Here is a solution for your problem:

AnyP[h∷t]⇒Ph⊎AnyPt' : {A : Set} {P : A → Set} {h : A} {t : List A} {w
: List A} → Any P w → w ≡ h ∷ t → P h ⊎ Any P t
AnyP[h∷t]⇒Ph⊎AnyPt' (exact [] _ ph) refl = inj₁ ph
AnyP[h∷t]⇒Ph⊎AnyPt' (exact (h ∷ ls) r px) refl = inj₂ (exact ls r px)

AnyP[h∷t]⇒Ph⊎AnyPt : {A : Set} {P : A → Set} {h : A} {t : List A} →
Any P (h ∷ t) → P h ⊎ Any P t
AnyP[h∷t]⇒Ph⊎AnyPt any = AnyP[h∷t]⇒Ph⊎AnyPt' any refl

My primitive understanding of the reason it didn't work for you is
that Agda was trying to unify a non-constructor pattern (l ++ x ∷ r)
with a constructor pattern (h ∷ t), which is impossible because it
can't infer anything about any of the variables involved (it doesn't
know whether the h is a part of l or not).

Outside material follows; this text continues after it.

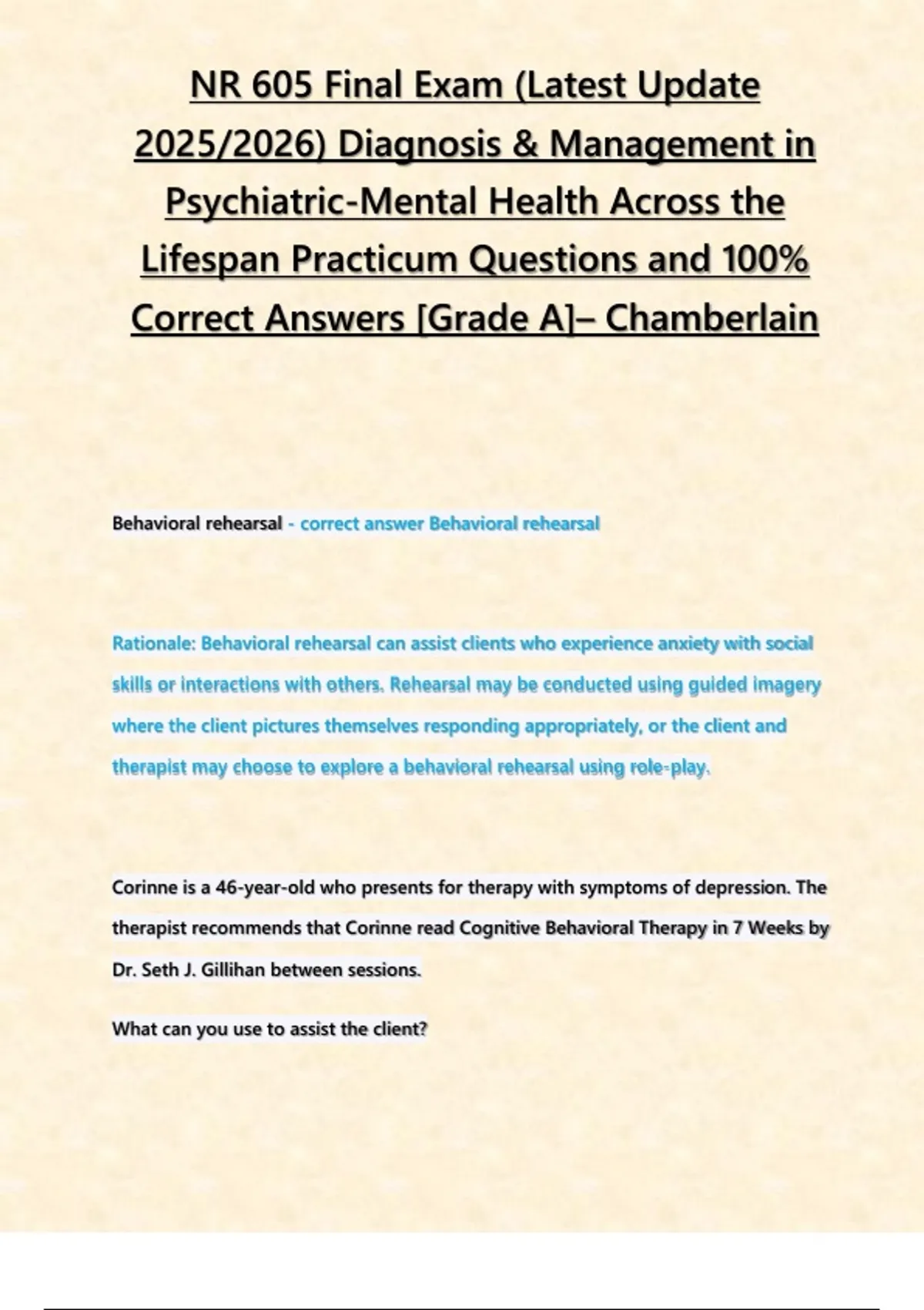 Lifespan Practicum Questions and 100%

My solution was to abstract away the (h ∷ t) part and to replace it
with a single variable w, while remembering that w ≡ h ∷ t.
Then Agda was able to unify (l ++ x ∷ r) with w to replace w with the
former, yielding l ++ x ∷ r ≡ h ∷ t. [Pattern-match on exact]
After that I pattern-matched on l constructors, giving me two cases:
x ∷ r ≡ h ∷ t [l = []]
and
h ∷ ls ++ x ∷ r ≡ h ∷ t [l = (h ∷ ls)]
Now RHS and LHS of both of these identities became unifiable because
non-constructor patterns are only being unified with free variables.
[pattern-match on refl].

Note that the order of these pattern matches, and thus the order of
argument occurrence does matter. If you swap arguments to
AnyP[h∷t]⇒Ph⊎AnyPt', it won't work anymore!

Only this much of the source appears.